Associate Professor Karen Monsen, center, discusses CaringBridge data with research assistants Sasank Maganti, left, and Christie Martin.

Spinning unstructured text into gold

Nursing informaticians comb through 14 million CaringBridge journals to better understand the healing journey
Brett Stursa

Chances are one in nine that you have read a CaringBridge page to follow someone’s health journey.

The Minnesota-based website invites people to communicate progress in their health journey, be it a cancer diagnosis or birth of a baby, without the burdensome redundancy that can happen with phone calls or texts. CaringBridge’s founder Sona Mehring sees the website as a holistic intervention and an important part of anyone’s health journey.

With a desire to understand CaringBridge’s impact and to better understand the healing process, she approached Mary Jo Kreitzer, PhD, RN, FAAN, School of Nursing professor and Earl E. Bakken Center for Spirituality and Healing director, to explore a research partnership.

Kreitzer recognized that more research possibilities would emerge as the data was explored. “It was clear from the earliest conversations that it would be important to convene an interdisciplinary team with diverse methods and tools to apply to the many questions that could be explored,” said Kreitzer. A team formed with researchers from the Center for Spirituality and Healing, the School of Nursing and the College of Science and Engineering.

While the center’s work has focused on how short, daily mind-body practice can help those facing health challenges, the School of Nursing’s work is using a novel text mining approach to discover important patterns in the content of the journal entries.

CaringBridge users shared more than 14 million journal entries about their healing process during a 10-year period starting in 2006. As a nurse informatician and big data researcher, Associate Professor Karen Monsen, PhD, RN, FAAN, knew the richness of the data stored in the journals, and she also knew that combing through millions of journals would be a long, challenging process. “The corpus itself was massive, and it was also unstructured,” said Monsen. “So those two aspects made it very challenging.”

While typical health data is often structured making it easier to analyze, CaringBridge journals are written in natural language that is harder to code. Instead of the diagnosis codes clinicians use, CaringBridge users express themselves in widely divergent and individual ways. For example, they may refer to mental health distress using phrases like they are feeling down or with other unique, non-clinical phrases.

Monsen considered this a Rumpelstiltskin problem. “Rumpelstiltskin spins straw into gold. That’s what I want to do with CaringBridge text. I want to turn text into structured data so that I can apply the usual data mining algorithms and techniques we use with our big data research to look at how CaringBridge can better help and support users,” said Monsen.

To structure the text, Monsen used an approach called the Omaha System, which was particularly well-suited for this project because it comes from research that looked at how people describe health. “It is made as simple as possible so it matches the way consumers think about health, in a way that other terminologies do not,” said Monsen. The Center for Nursing Informatics at the School of Nursing is home to the research arm of the Omaha System, which defines the whole person in 42 health concepts.

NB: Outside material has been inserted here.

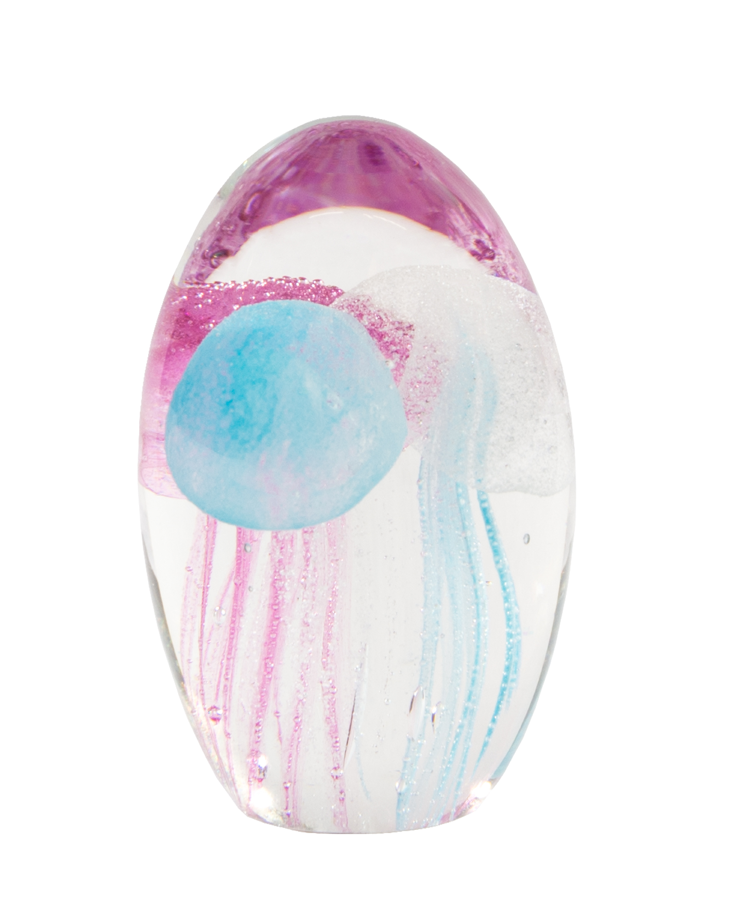 Glas-Objekt JELLY mit 3 Quallen, blau, weiß, violett, H: 8 ø: 5 cm, 330 gramm

Already, Monsen’s team is discovering interesting patterns. “People who are talking about infections are also talking about heart-related issues. And, that isn’t a natural pairing,” said Monsen. “We need to look deeper to see what’s going on with those journals so we can understand what’s going on with that group of people.”

So far, sleep and spirituality top the list of topics mentioned in the journal entries. By looking at word frequency in the journal entries, the team made a sobering discovery. “There were many, many words that were just basically screams,” said Monsen. “There was the letter a repeated, and then it would end like ‘aaarrrggggh’ or ‘aaaaaagony.’” Monsen said the discovery was a reminder that behind many of the journals are people who are suffering. “Most importantly, as you explore this data, you have to be careful and respectful,” she said.

Monsen’s team continues work on tagging journals and refining methods

“We’re really excited about clustering and moving on once we have the journals tagged,” said Monsen. “I think there’s going to be a really great opportunity to understand how consumers approach their health journeys, and it will be different from how we understand them from our perspective as health care researchers.”


In Print

Karen Monsen’s article Use of the Omaha System for Ontology-based Text Mining to Discover Meaning within CaringBridge Social Media Journals is published in Kontakt, Fall 2018.